One thing OpenAI did get out of the new Microsoft deal, besides the ability to go ahead with its for-profit restructuring, is the fact that Microsoft has no access to IP for its consumer hardware. That means the startup is likely betting big on its coming AI device, which it’s working to develop with famed former Apple designer Jony Ive. Altman doubled down on that during a Tuesday livestream, highlighting that OpenAI is looking to build “a personal AGI you can use anywhere, to help you with work and your personal life.” The new goal OpenAI highlighted was part of a growing trend of companies narrowing their focus to “personal AGI” and consumer hardware, similar to Meta CEO Mark Zuckerberg’s own AGI manifesto promoting “personal superintelligence.”

The idea of a panel determining whether OpenAI achieved AGI makes sense in a lot of ways. AGI is such a buzzword that it doesn’t necessarily make sense for one company to declare it’s reached the milestone with no external input, especially when such an announcement would have huge ripple effects, particularly in the financial markets. Even Altman said during Tuesday’s livestream that the term AGI has become “hugely overloaded” and doesn’t mean as much as it did before. So it stands to reason that a panel of experts should help define it. The question, of course, will be who chooses those experts. OpenAI and Microsoft haven’t released any details about how the panel will be picked, and OpenAI declined to offer any further details when contacted by The Verge.

Altman himself said, in a Q&A with reporters earlier this month at the company’s annual DevDay, that “there are many parts of AI that I think are kind of bubble-y right now.”

During Tuesday’s livestream, chief scientist Jakub Pachocki said that as companies scale deep learning and develop new algorithms, AI will eventually surpass some aspects of human intelligence on the curve of intelligence and “already [has] surpassed on multiple axes.” But, he said, even achieving that “doesn’t actually mean you’ve solved all the problems around it, which is something we need to seriously think about.”

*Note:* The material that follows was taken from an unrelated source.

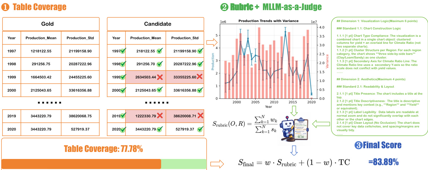 - 混合评估框架将用于保证数值精度的 Table-value Alignment 协议与由专家标注评分标准指导的分层 MLLM-as-a-Judge 系统相结合。该方法在超越传统代码验证的同时,评估数据保真度与视觉语义。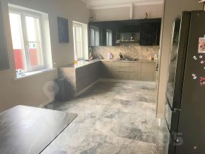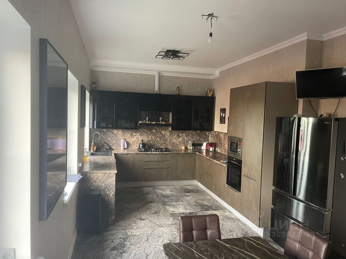 На Кухне современная мебель с встраиваемой техникой: микроволновка, духовой шкаф , газовая варочная панель (баллон), вместительная посудомойка 600мм , вытяжка. Столовая группа включает в себя 6 кресел и большой стол.

“[AGI] will be this process over a number of years that we’re in the middle of,” Altman said during the livestream. “I think it’s much more useful to say our intention, our goal, is by March of 2028, to have a true automated AI researcher and define what that means than it is to sort of try to satisfy everyone with a definition of AGI.” But there’s at least one party OpenAI is going to have to actually satisfy with that kind of definition: Microsoft. And billions of dollars are on the line.